▶ **Activity**
Which lines below contain "постройки"? Copy every one of them.

======

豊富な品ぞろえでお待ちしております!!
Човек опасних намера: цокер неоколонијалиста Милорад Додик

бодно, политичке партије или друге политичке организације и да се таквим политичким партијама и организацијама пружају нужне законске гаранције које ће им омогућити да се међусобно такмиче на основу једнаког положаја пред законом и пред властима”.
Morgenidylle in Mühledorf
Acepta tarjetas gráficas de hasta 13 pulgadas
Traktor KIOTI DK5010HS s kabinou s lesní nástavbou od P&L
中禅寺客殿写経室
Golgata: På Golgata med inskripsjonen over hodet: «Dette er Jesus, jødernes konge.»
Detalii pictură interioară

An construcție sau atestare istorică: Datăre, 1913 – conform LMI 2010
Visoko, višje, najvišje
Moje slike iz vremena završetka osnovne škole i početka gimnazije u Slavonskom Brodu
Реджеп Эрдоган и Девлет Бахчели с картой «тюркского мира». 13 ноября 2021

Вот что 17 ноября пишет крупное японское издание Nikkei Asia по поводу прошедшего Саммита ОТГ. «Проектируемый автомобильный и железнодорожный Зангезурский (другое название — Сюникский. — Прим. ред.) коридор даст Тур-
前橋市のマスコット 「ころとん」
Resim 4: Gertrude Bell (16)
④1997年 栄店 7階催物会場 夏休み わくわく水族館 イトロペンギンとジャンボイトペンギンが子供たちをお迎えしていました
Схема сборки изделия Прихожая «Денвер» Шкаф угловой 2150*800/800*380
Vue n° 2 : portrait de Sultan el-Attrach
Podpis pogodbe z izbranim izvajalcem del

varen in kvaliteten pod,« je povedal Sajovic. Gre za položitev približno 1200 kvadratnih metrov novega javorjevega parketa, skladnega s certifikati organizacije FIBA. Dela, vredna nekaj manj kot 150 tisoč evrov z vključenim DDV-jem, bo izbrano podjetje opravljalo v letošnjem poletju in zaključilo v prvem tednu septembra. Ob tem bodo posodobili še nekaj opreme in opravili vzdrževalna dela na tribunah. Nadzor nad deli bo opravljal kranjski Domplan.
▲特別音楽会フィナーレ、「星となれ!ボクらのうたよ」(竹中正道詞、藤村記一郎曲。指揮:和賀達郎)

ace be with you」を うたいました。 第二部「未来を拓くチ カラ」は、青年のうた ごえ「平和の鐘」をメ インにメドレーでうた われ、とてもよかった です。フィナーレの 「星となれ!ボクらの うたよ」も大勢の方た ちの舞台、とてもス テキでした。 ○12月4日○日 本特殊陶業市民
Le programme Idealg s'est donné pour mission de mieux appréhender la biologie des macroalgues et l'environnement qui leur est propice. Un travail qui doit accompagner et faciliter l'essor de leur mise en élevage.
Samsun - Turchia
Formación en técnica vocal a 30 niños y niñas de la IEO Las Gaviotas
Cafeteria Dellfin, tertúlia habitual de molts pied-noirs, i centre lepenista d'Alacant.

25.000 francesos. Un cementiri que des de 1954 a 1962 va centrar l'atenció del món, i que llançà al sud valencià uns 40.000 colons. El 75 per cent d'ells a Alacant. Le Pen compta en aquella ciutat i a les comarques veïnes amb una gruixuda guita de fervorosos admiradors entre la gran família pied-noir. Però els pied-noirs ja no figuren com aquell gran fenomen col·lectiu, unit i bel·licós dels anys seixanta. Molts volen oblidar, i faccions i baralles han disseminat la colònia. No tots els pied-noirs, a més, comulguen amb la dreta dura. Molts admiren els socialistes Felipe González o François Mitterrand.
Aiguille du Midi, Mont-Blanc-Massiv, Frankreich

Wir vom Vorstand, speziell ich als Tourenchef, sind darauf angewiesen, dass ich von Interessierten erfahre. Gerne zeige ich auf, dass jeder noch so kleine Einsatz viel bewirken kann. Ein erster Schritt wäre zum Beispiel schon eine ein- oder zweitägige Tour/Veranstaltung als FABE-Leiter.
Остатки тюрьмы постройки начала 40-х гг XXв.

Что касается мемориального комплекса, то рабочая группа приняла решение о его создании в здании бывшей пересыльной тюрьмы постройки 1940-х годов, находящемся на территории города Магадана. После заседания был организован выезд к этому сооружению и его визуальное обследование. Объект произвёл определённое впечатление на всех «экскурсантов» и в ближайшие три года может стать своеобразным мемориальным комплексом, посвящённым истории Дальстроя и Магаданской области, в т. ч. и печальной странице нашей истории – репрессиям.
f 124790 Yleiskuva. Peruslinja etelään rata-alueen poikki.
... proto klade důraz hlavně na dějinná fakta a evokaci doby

======

▶ **Response to the task**
Остатки тюрьмы постройки начала 40-х гг XXв.
Что касается мемориального комплекса, то рабочая группа приняла решение о его создании в здании бывшей пересыльной тюрьмы постройки 1940-х годов, находящемся на территории города Магадана. После заседания был организован выезд к этому сооружению и его визуальное обследование. Объект произвёл определённое впечатление на всех «экскурсантов» и в ближайшие три года может стать своеобразным мемориальным комплексом, посвящённым истории Дальстроя и Магаданской области, в т. ч. и печальной странице нашей истории – репрессиям.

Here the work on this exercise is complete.